Однажды, когда через окошко в железной двери передали ежедневную баланду, Кэссиди почувствовала, что у нее нет сил даже есть.

Она поднесла миску с похлебкой ко рту, но варево стекало у нее по подбородку, проливаясь на пол. Нужно было во что бы то ни стало набраться сил, и Кэссиди заставила себя съесть остатки и даже облизала миску.

Ни о каких правилах хорошего тона нечего было и вспоминать. Она превратилась в дикое животное, которое заперли в клетке. Единственным ее стремлением было выжить.

Вдруг в замке заскрежетал ключ и дверь отворилась. Кэссиди прижалась к стене, со страхом ожидая дальнейшего. Яркий свет лампы ослепил ее. Через несколько мновении глаза привыкли к свету, и она увидела двух надзирателей. Когда девушка убедилась, что нет того страшного грязного громилы, который запер ее здесь, из груди вырвался вздох облегчения.

— Интересно, за какое преступление эту девчонку законопатили в эту яму? — сказал один из мужчин. — У нее жалкий вид, правда?

Кэссиди пробежала рукой по волосам. Ее всегда называли красивой, а теперь этот мужчина назвал ее жалкой. Когда ее похитили, на ней было ее любимое зеленое платье. Теперь оно сделалось таким грязным, что трудно было даже догадаться о его первоначальном цвете.

— У нас с тобой проблемы, девушка, — продолжал мужчина. — Мы не знаем, кто ты такая и кто заточил тебя в камеру. По нашим спискам тебя вообще не существует.

Кэссиди разбирала пальцами спутанные волосы. Она была слишком смущена, чтобы отвечать, и только покачала головой.

— Если Том Брунсон и знал, кто ты такая, то унес это с собой в могилу.

Кэссиди при этих словах вновь испытала облегчение. Эти люди говорят, что Брунсон мертв? Так вот почему он не вернулся, чтобы мучить ее…

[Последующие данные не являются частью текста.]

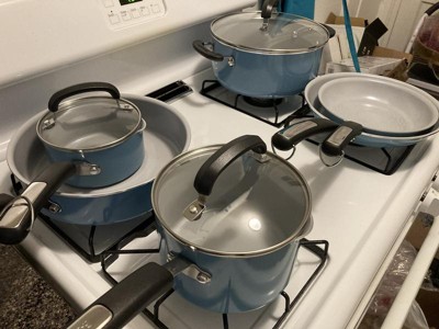 - COOK EASY, COOK HEALTHY: Pots and pans feature a longer lasting, scratch-resistant ceramic nonstick that requires less oil for healthier cooking and effortless food release. Easier cooking and easier cleaning so you can spend more quality time during mealtime.
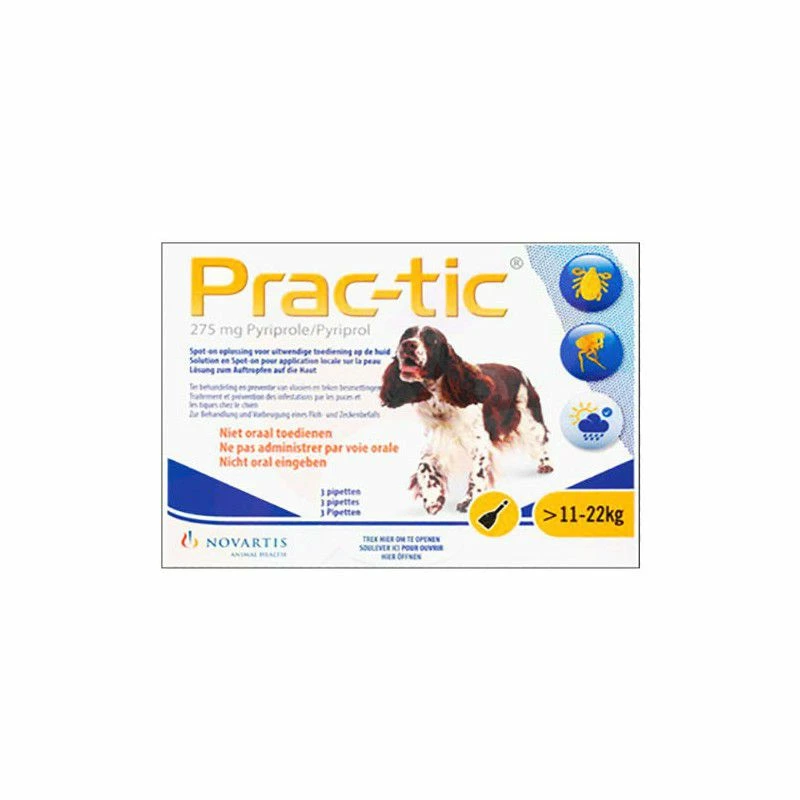 - Honden tussen 12 kg en 22 kg : Prac-tic M voor gemiddelde honden (275 mg Pyriprole)

— Она совсем плоха и, если мы не заберем ее отсюда, может умереть, — заметил второй надзиратель. — До тех пор, пока мы не выясним, кто она такая, я переведу ее в женскую камеру.

Кэссиди пыталась понять, о чем говорят эти мужчины. Почему они решили, что она может умереть? Разве она больна? Она хотела подняться, но не могла удержаться на ногах.

Один из надзирателей снял с нее цепи, которые со звоном упали на каменный пол. Кэссиди потерла израненные запястья. У нее в сердце затеплилась надежда. Может быть, они освободят ее?

— Как тебя зовут, девушка? — спросил у нее надзиратель. — Советую тебе не врать!

— Кэссиди Марагон, — с трудом проговорила она, и он записал ее имя в свою книгу. — Я попала сюда по ошибке. Я не сделала ничего дурного. Пожалуйста, выпустите меня отсюда!

Надзиратели расхохотались.

— Все так говорят! Никто не признается, что сделал что-то дурное. Если бы таким, как ты, верили, то преступники разгуливали бы на улицах Лондона, а невиновные сидели в Ньюгейте.

Кэссиди поняла, что ей нечего ждать от них помощи. Они привыкли к ужасам тюрьмы, и их сердца очерствели. Они не считали ее за человека.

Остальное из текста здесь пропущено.